The Bank of England's rate-setting committee has kept UK interest
rates on hold at 0.5 % for the seventh successive month, as widely
expected. The Bank also said it would continue with its programme of
pumping £175 bn into the economy, which it said would likely take
another month to complete. Interest rates remain on hold as data
continues to show that any UK economic recovery remains patchy.
Figures out later this month could show that the UK has exited
recession. 'No risks' The Bank added that it would keep the scale of
its programme of expanding the amount of money in the economy, a
policy known as quantitative easing (QE), "under review". " Where
there is uncertainty is about what happens next month, when the
committee has a new set of inflation report forecasts and the Bank
of England will have met the current QE target " Philip Shaw, UK
economist at Investec Back in August it announced that the funds in
the scheme would be raised to the current £175 bn level from £125 bn.

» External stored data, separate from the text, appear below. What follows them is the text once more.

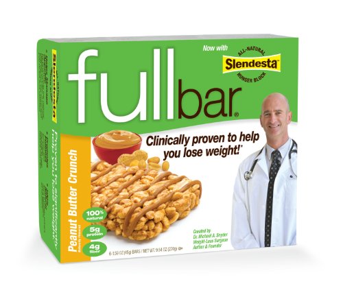 Savor the sweet, slightly salty taste of peanut butter and real peanuts. Treat yourself to a smooth taste and crispy crunch while taking advantage of the dual-action fullness found in Fullbar helping you to feel full, eat less and lose weight. Delicious, nutritious, and clinically proven to help you lose weight, Fullbar with all-natural Slendesta is your solution to lose weight and keep it off. Created by a leading weight-loss surgeon, Dr. Michael A. Snyder, Fullbar offers a solution that is simple and sustainable. Simply enjoy a delicious Fullbar as a snack or before lunch and dinner with a 16-ounce glass of water to induce fullness causing you to eat less of your regular meal. Eat what you love, just less of it. It’s that simple. Eat 2 bars a day for optimal results.You will not be disappointed with
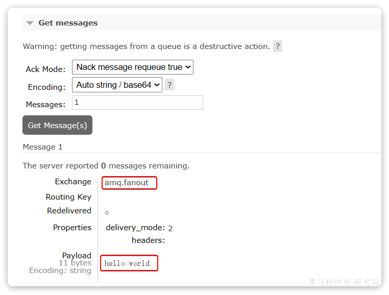 此时,我们到MQ控制台删除object.queue中的旧的消息。然后再次执行刚才的消息发送的代码,到MQ的控制台查看消息结构:
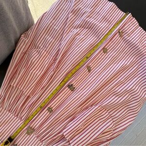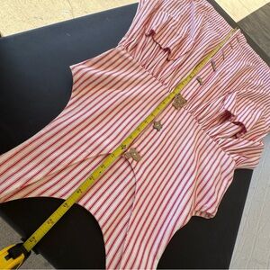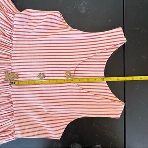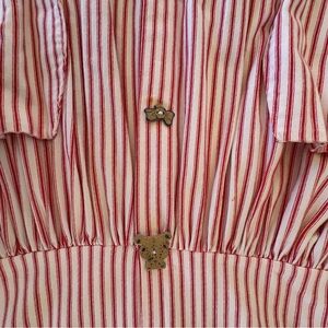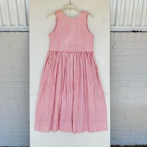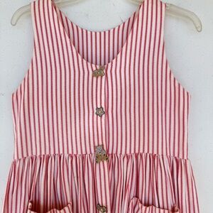 ✨White & Red Striped Double Pocket Sleeveless Handmade Dress with Handmade Buttons (Buttons not functional, decorative only)
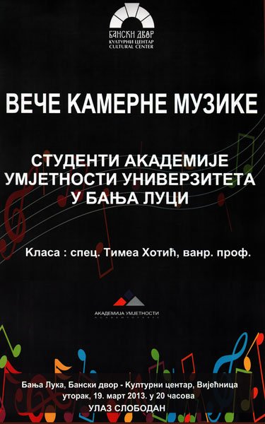 У Вијећници Банског двора 19. марта 2013. године (уторак) у 20,00 часова одржаће се концерт камерне музике у извођењу студената Академије умјетности Универзитета у Бањој Луци, класа: спец. Тимеа Хотић, ванредни професор.
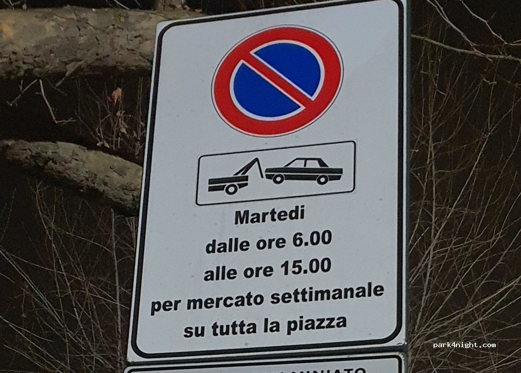 divieto di sosta tutti i martedi dalle ore 6.00 alle ore 15.00 per allestimento del mercato.
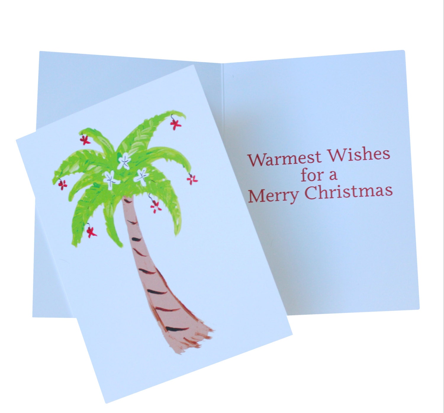Christmas Tree Palm Trees. Native to the Philippines, Christmas palms thrive in tropical climates, including in Hawaii and the southern half of Florida. So named for the red bunches of berry-like fruit that ripen in late fall or early winter, this tropical tree will spend the holidays looking as if it's been decked out for Santa and his reindeer with some lights for décor.

Analysts were in agreement that the key issue was now whether QE does
end next next month, or whether the Bank's Monetary Policy Committee
announces after its October meeting that it will be extended. "It is
as yet early days in gauging the effect of the QE programme so far,
but companies are still facing serious constraints in their financing,
so the Bank must take no risks in ending the programme prematurely,"
said CBI chief economic adviser Ian McCafferty. Philip Shaw, UK
economist at Investec, said the Bank's latest rates decision was
"highly predictable". "Where there is uncertainty is about what
happens next month, when the committee has a new set of inflation
report forecasts and the Bank of England will have met the current QE
target." Weak industrial output Many commentators have said that the
economy probably expanded during the July-to-September period, citing
rising house prices and a big rise in car sales - despite the later
being helped by the government's scrappage scheme. However, official
figures showed earlier this month that UK industrial output fell
unexpectedly in August, declining 2.5 % from July. This prompted the
National Institute of Economic and Social Research think tank to
predict that the UK economy failed to grow in the third quarter. The
official figures will be released by the Office for National
Statistics on 23 October. The economy contracted 0.6 % between April
and June, following a 2.4 % decline from January to March.